▸ **BRIEF**
Please write out every line of the listing without alteration, but omit the images.

▸ **SOURCE DATA**
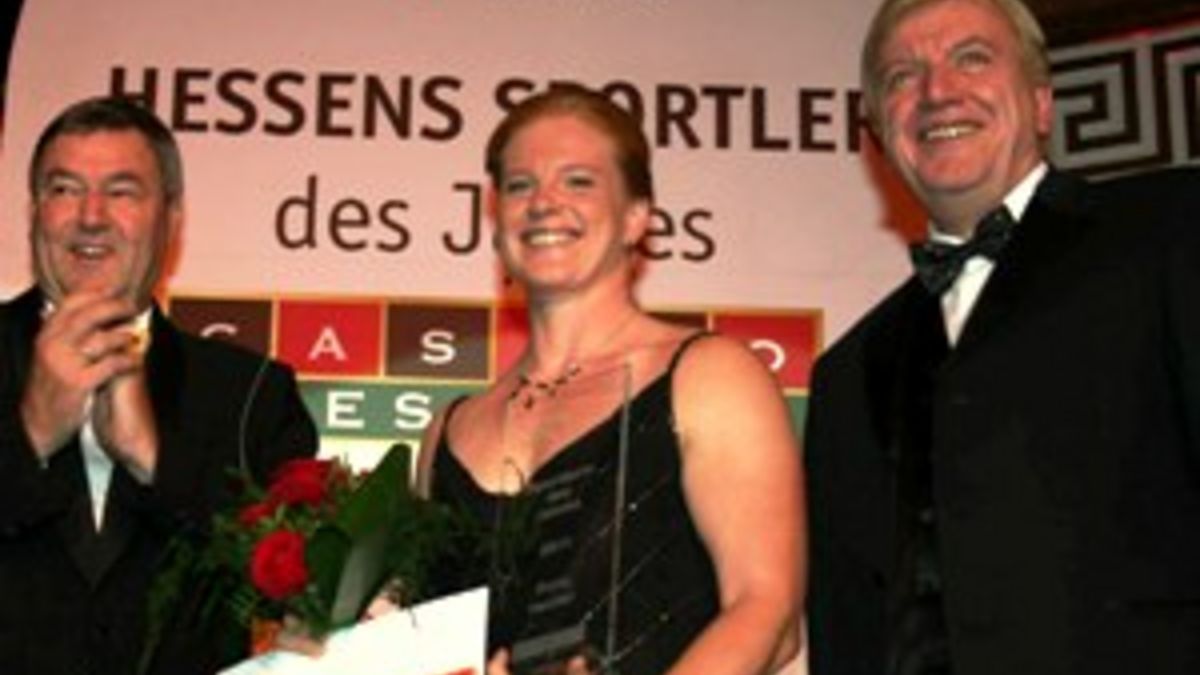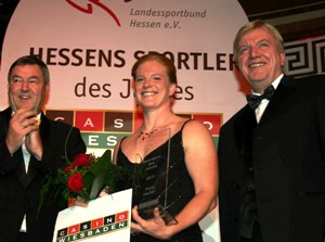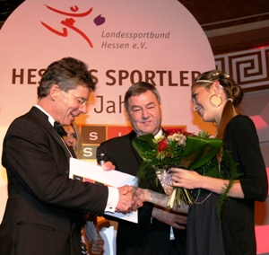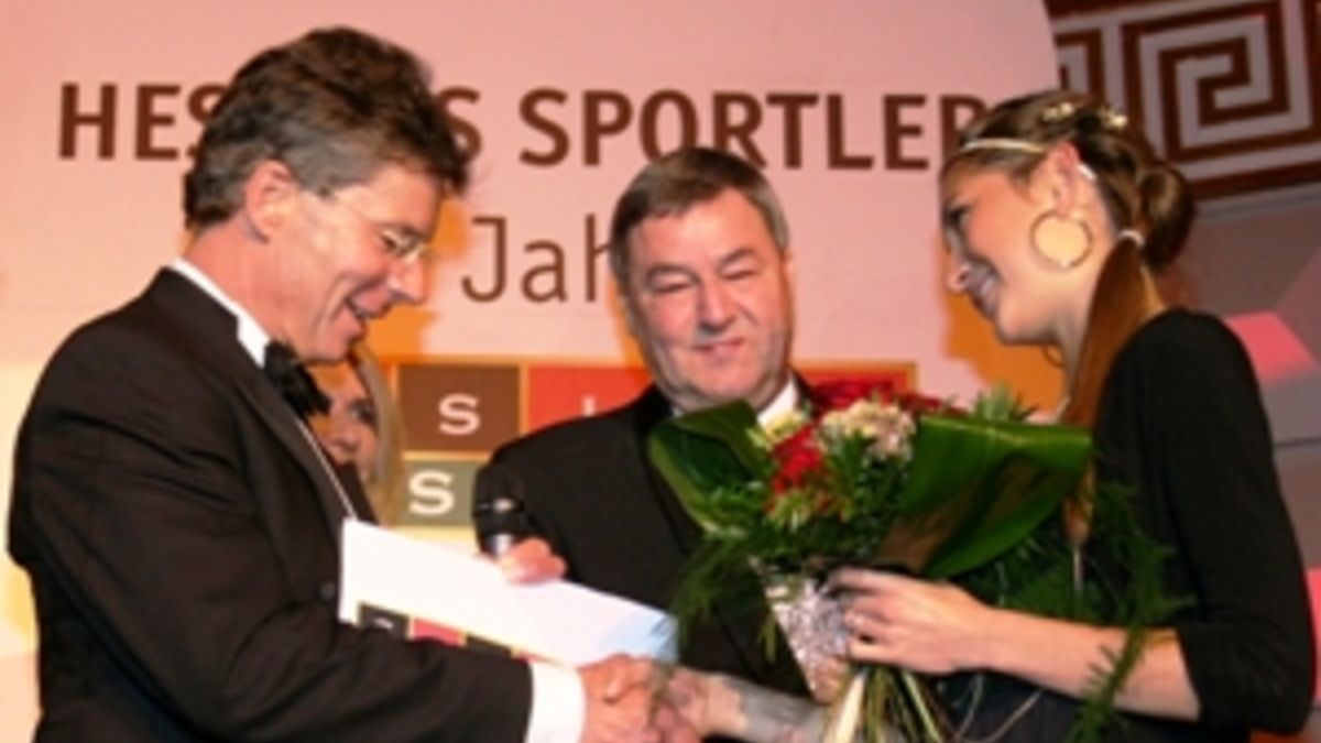 Der Hessische Leichtathletik-Verband (HLV) hatte bei der 10. Olympischen Ballnacht des Landessportbundes Hessen (lsb h) im Wiesbadener Kurhaus und der damit verbundenen Präsentation der „Sportler des Jahres“ einen großen Auftritt. Über die Ehrung freuten sich nämlich Hammerwurf-Weltrekordhalterin Betty Heidler (Sportlerin des Jahres), Hindernisläuferin Gesa Krause (Newcomerin des Jahres) sowie Michael Deyhle in der Kategorie Trainer des Jahres. Sie alle sind erfolgreiche sportliche Leistungsträger, für viele zugleich Vorbilder in Sachen Fair Play, Durchhaltevermögen, Einsatzbereitschaft und Teamgeist. Gewählt worden waren die Sportlerinnen und Sportler des Jahres von einer Jury, der Verlagsleiter und Chefredakteure hessischer Medien angehörten. Das Preisgeld in Höhe von insgesamt 5.500 Euro (jeweils 1.000 Euro für die Sportler, Mannschaft und Trainer des Jahres, sowie 500 Euro für den Newcomer) wurde vom Casino Wiesbaden zur Verfügung gestellt - Geschäftsführer Thomas von Stenglin moderierte die Preisverleihung.<ENDE/>
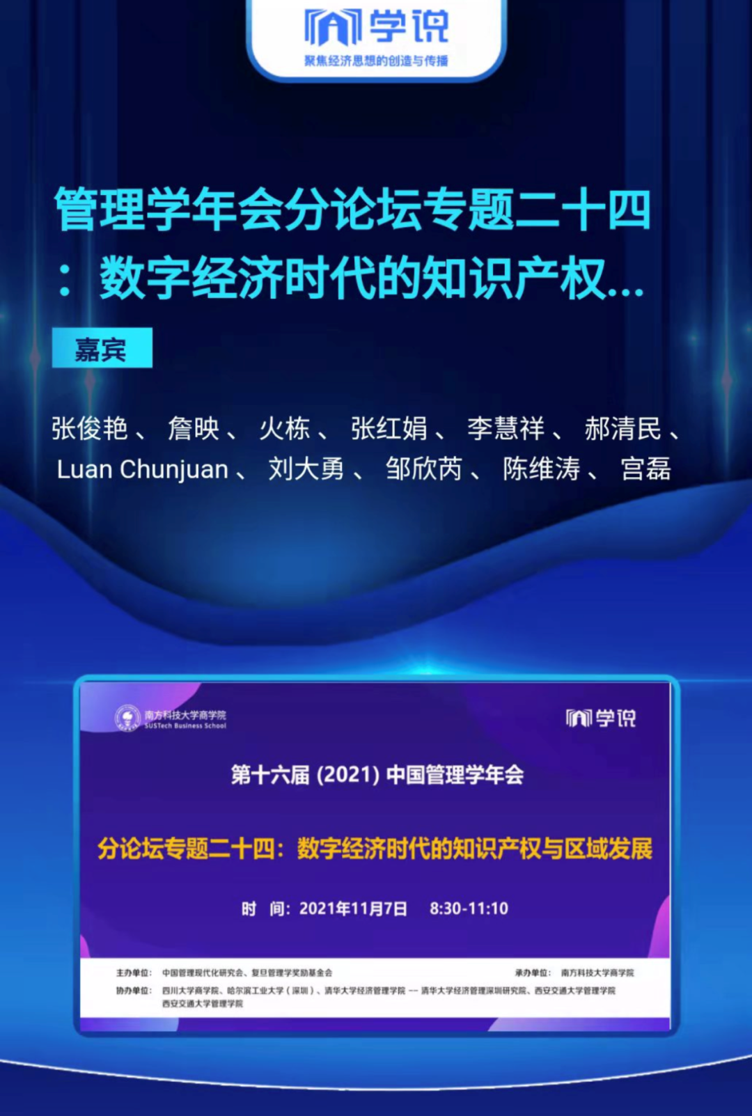 2021年11月7日上午,由中国管理现代化研究会、复旦管理学奖励基金会主办,南方科技大学商学院承办的第十六届(2021)中国管理学年会——知识产权管理专题分论坛在腾讯会议平台、学说直播平台线上成功举办。本次论坛分为“数字经济时代的知识产权与区域发展”和“数字经济时代的知识产权与管理创新”两个主题分会场,由中国管理现代化研究会知识产权管理专业委员会、中国知识产权研究会高校知识产权专业委员会知识产权管理和大数据中心、国家知识产权战略实施(天津大学)研究基地、天津大学科技创新智库具体协办,吸引到了700余位校内外师生前来参加本次论坛。
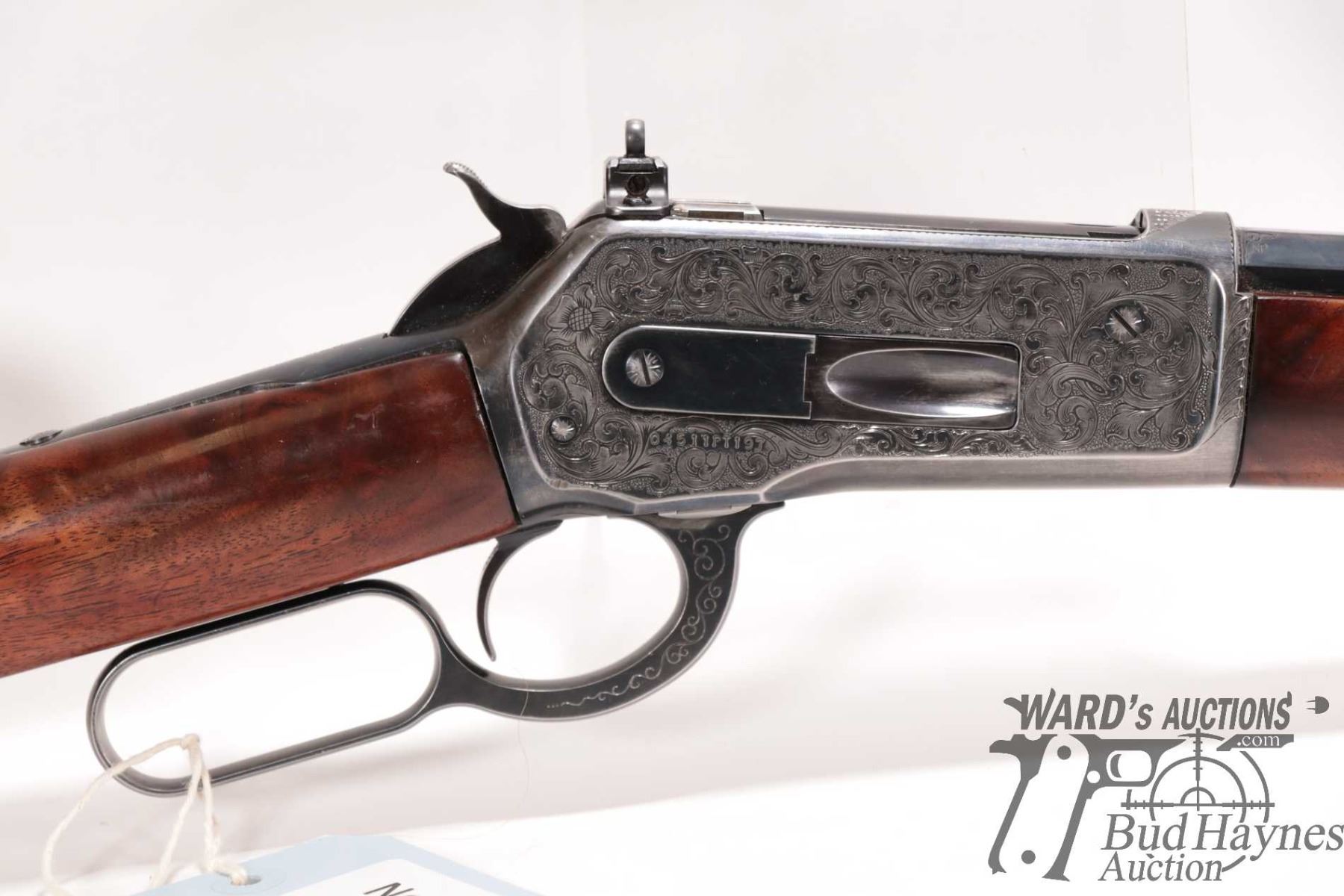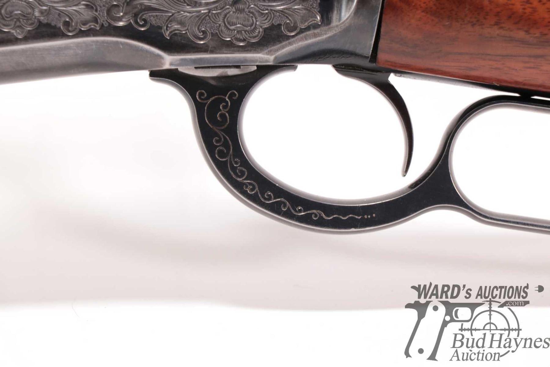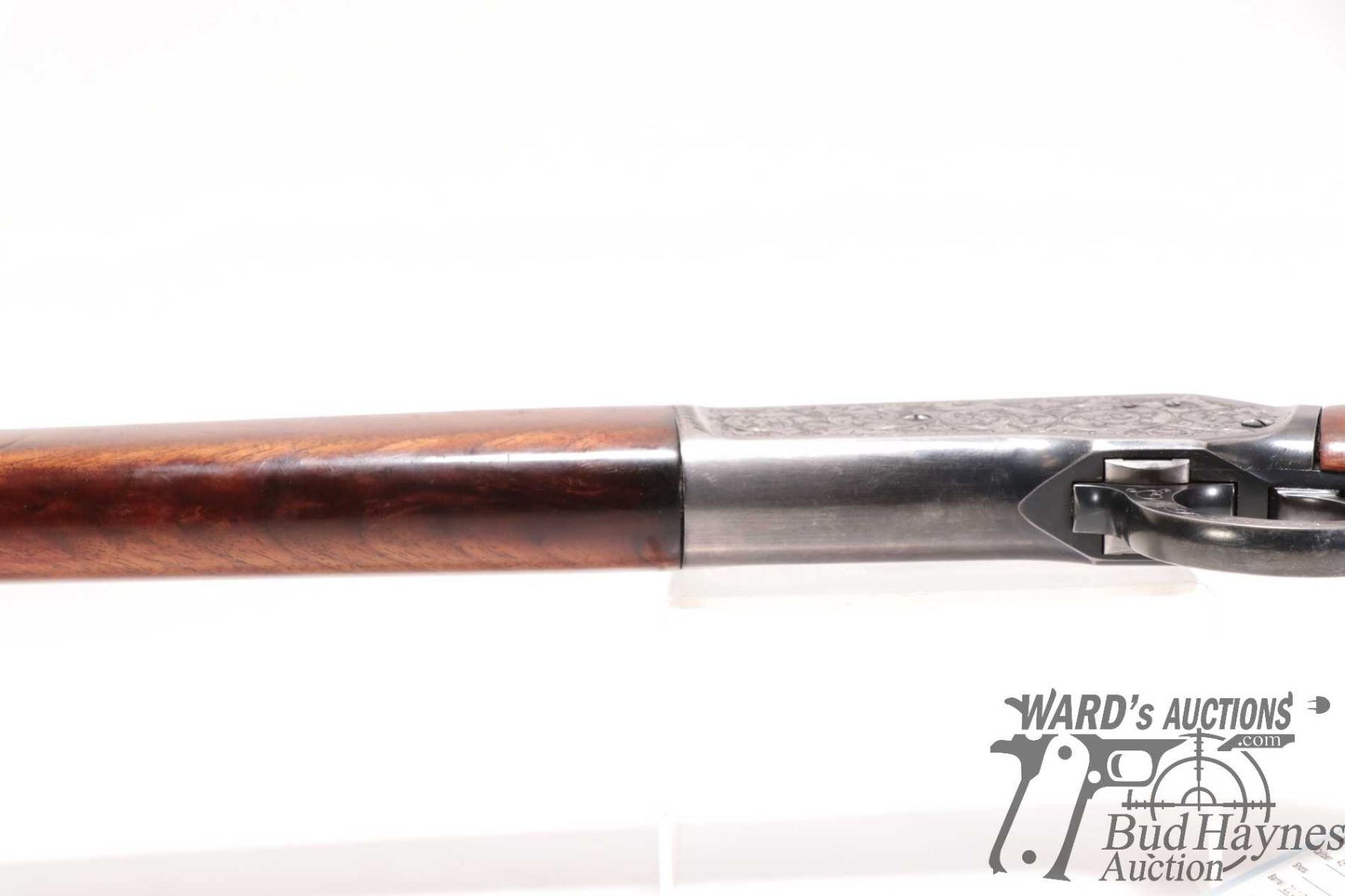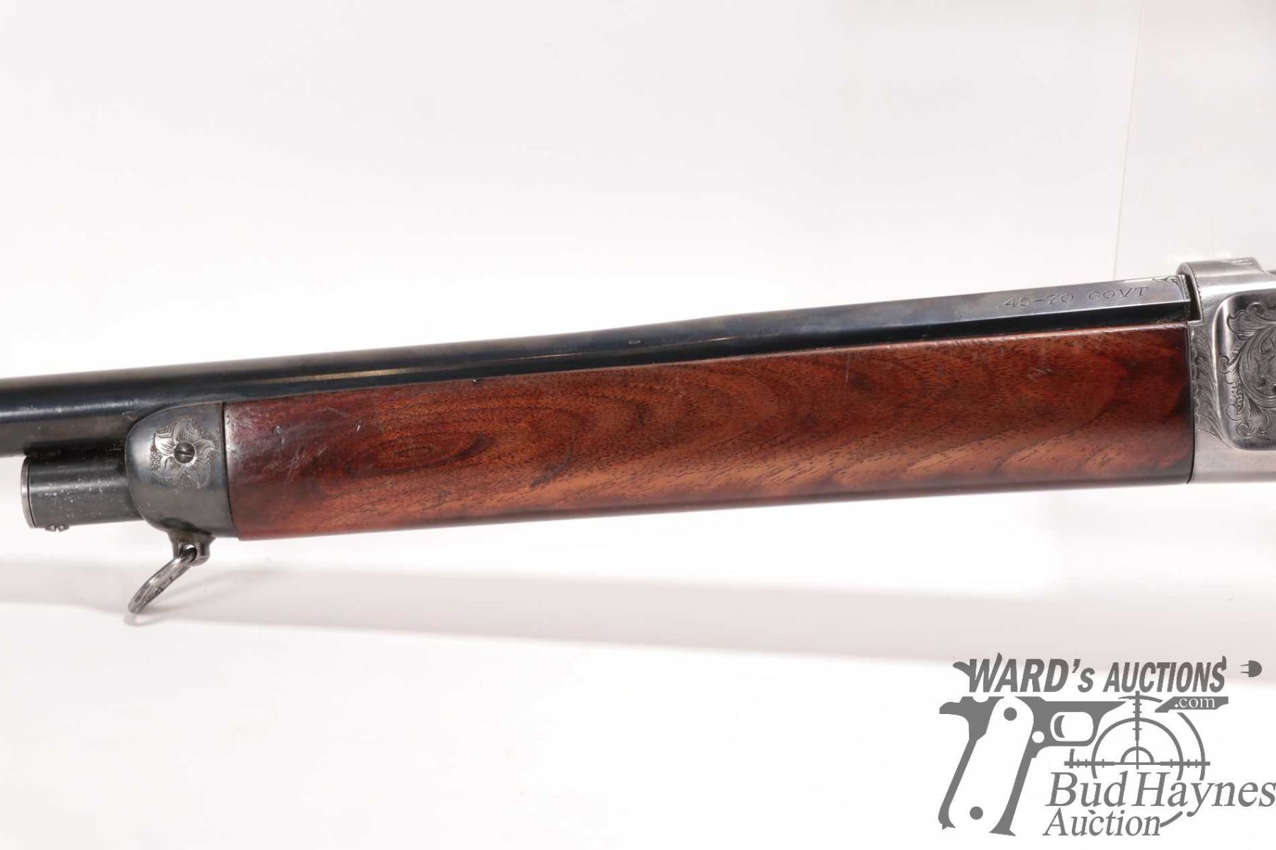 Non-Restricted rifle Browning model 1886 ( Peter Holden), .45-70 Govt. lever action, w/ bbl length 21 1/2" [Blued barrel and receiver. Fixed front sight. Original barrel mount rear sight removed and filled. Fitted with rear peep sight. Half length tubular magazine. Oversize hardwood stock with recoil pad. Beautifully custom hand engraving on receiver, lever, forend cap etc. and top of barrel marked "PETER HOLDEN', presumed to be owner who commissioned engraving. Mechanically appears near excellent. Bluing worn predominantly on receiver, which in contrast to the receiver shows wonderful patina.] serial # 04511PT197, PAL required

▸ **WRITTEN RESPONSE**
 Der Hessische Leichtathletik-Verband (HLV) hatte bei der 10. Olympischen Ballnacht des Landessportbundes Hessen (lsb h) im Wiesbadener Kurhaus und der damit verbundenen Präsentation der „Sportler des Jahres“ einen großen Auftritt. Über die Ehrung freuten sich nämlich Hammerwurf-Weltrekordhalterin Betty Heidler (Sportlerin des Jahres), Hindernisläuferin Gesa Krause (Newcomerin des Jahres) sowie Michael Deyhle in der Kategorie Trainer des Jahres. Sie alle sind erfolgreiche sportliche Leistungsträger, für viele zugleich Vorbilder in Sachen Fair Play, Durchhaltevermögen, Einsatzbereitschaft und Teamgeist. Gewählt worden waren die Sportlerinnen und Sportler des Jahres von einer Jury, der Verlagsleiter und Chefredakteure hessischer Medien angehörten. Das Preisgeld in Höhe von insgesamt 5.500 Euro (jeweils 1.000 Euro für die Sportler, Mannschaft und Trainer des Jahres, sowie 500 Euro für den Newcomer) wurde vom Casino Wiesbaden zur Verfügung gestellt - Geschäftsführer Thomas von Stenglin moderierte die Preisverleihung.<ENDE/>
 2021年11月7日上午,由中国管理现代化研究会、复旦管理学奖励基金会主办,南方科技大学商学院承办的第十六届(2021)中国管理学年会——知识产权管理专题分论坛在腾讯会议平台、学说直播平台线上成功举办。本次论坛分为“数字经济时代的知识产权与区域发展”和“数字经济时代的知识产权与管理创新”两个主题分会场,由中国管理现代化研究会知识产权管理专业委员会、中国知识产权研究会高校知识产权专业委员会知识产权管理和大数据中心、国家知识产权战略实施(天津大学)研究基地、天津大学科技创新智库具体协办,吸引到了700余位校内外师生前来参加本次论坛。
 Non-Restricted rifle Browning model 1886 ( Peter Holden), .45-70 Govt. lever action, w/ bbl length 21 1/2" [Blued barrel and receiver. Fixed front sight. Original barrel mount rear sight removed and filled. Fitted with rear peep sight. Half length tubular magazine. Oversize hardwood stock with recoil pad. Beautifully custom hand engraving on receiver, lever, forend cap etc. and top of barrel marked "PETER HOLDEN', presumed to be owner who commissioned engraving. Mechanically appears near excellent. Bluing worn predominantly on receiver, which in contrast to the receiver shows wonderful patina.] serial # 04511PT197, PAL required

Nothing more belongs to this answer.